Disclosure Day's Steven Spielberg, Emily Blunt & Colman Domingo on Aliens, Empathy & Humanity
Just because a movie is big does not mean that it's great. And even if it's great, that doesn't mean people will see it.
Steven Spielberg has been threading that needle for 50 years, making the Disclosure Day director the founding president of an elite club of visionaries who make crowd-pleasing, blockbuster spectacles that are also great films.
And yet, he told E! News, “I never think anything is genius. That's the last thing I think about. I mean, I start with, ‘Is this gonna work at all? Is anybody gonna buy this?’”

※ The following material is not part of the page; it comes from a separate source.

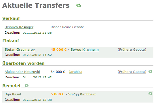 Die Deadline verletzter Spieler sollte man genau so setzen, dass sie während eines Spieles in Deinem Land (siehe tägliche Updates) liegt. Dann kann der Käufer auf den ersten Blick die Verletzung nicht erkennen. Das ist zwar moralisch gesehen gemein, aber es ist erlaubt... Außerdem kannst Du auch auf eigene Spieler bieten (z. B. wenn Du sie versehentlich auf die Transferliste gestellt hast oder wenn Du den Preis nach oben treiben willst). Erhältst Du den Zuschlag, dann bleibt der Spieler bei Dir - Du musst allerdings die Transfergebühren bezahlen.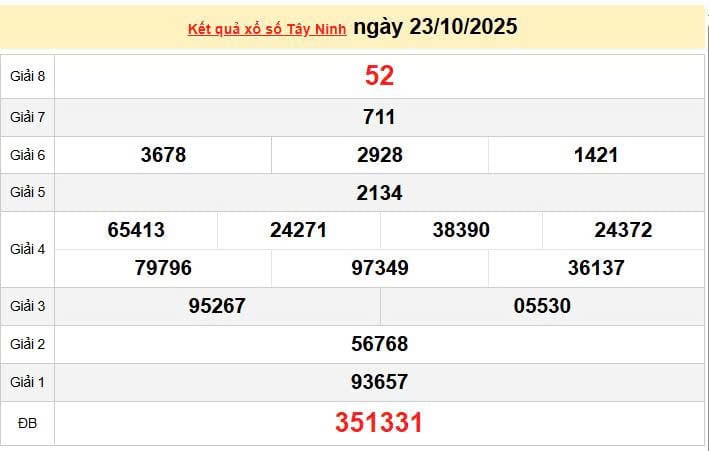 XSTN 23/10, KQXSTN 23/10, Xem lại kết quả xổ số Tây Ninh ngày 23/10/2025

In that vein, Spielberg movies have grossed more than $10.7 billion, making him the most commercially successful director ever, and he's won three Oscars (two for directing) en route to securing an EGOT earlier this year.
At the same time, the 79-year-old has been making highly personal films, telling the New York Times Magazine ahead of Disclosure Day's June 12 release, "I can't express enough how therapeutic and healthy it is for me to keep doing this job over and over and over again. I work so much out through this process."
And whether it's a movie that demands popcorn—Jaws, Raiders of the Lost Ark, Jurassic Park—or a box of tissues, or both (looking at you, E.T.), Spielberg's reputation as the consummate maker of Hollywood movies that mean something to people is set.
Moviestore/Shutterstock, Universal/Kobal/Shutterstock, Amblin/Universal/Kobal/Shutterstock
The artists he's inspired along the way include Christopher Nolan, who revealed that Spielberg was the first person, other than studio heads, who saw Oppenheimer before it Barben-hammered box office records in the summer of 2023.
After Spielberg reached out for an unrelated matter, "we screened it for him on his own," Nolan shared in a 2024 AP chat with Dune director Denis Villeneuve. "I sat behind him and watched him watch the film. It was an extraordinary experience."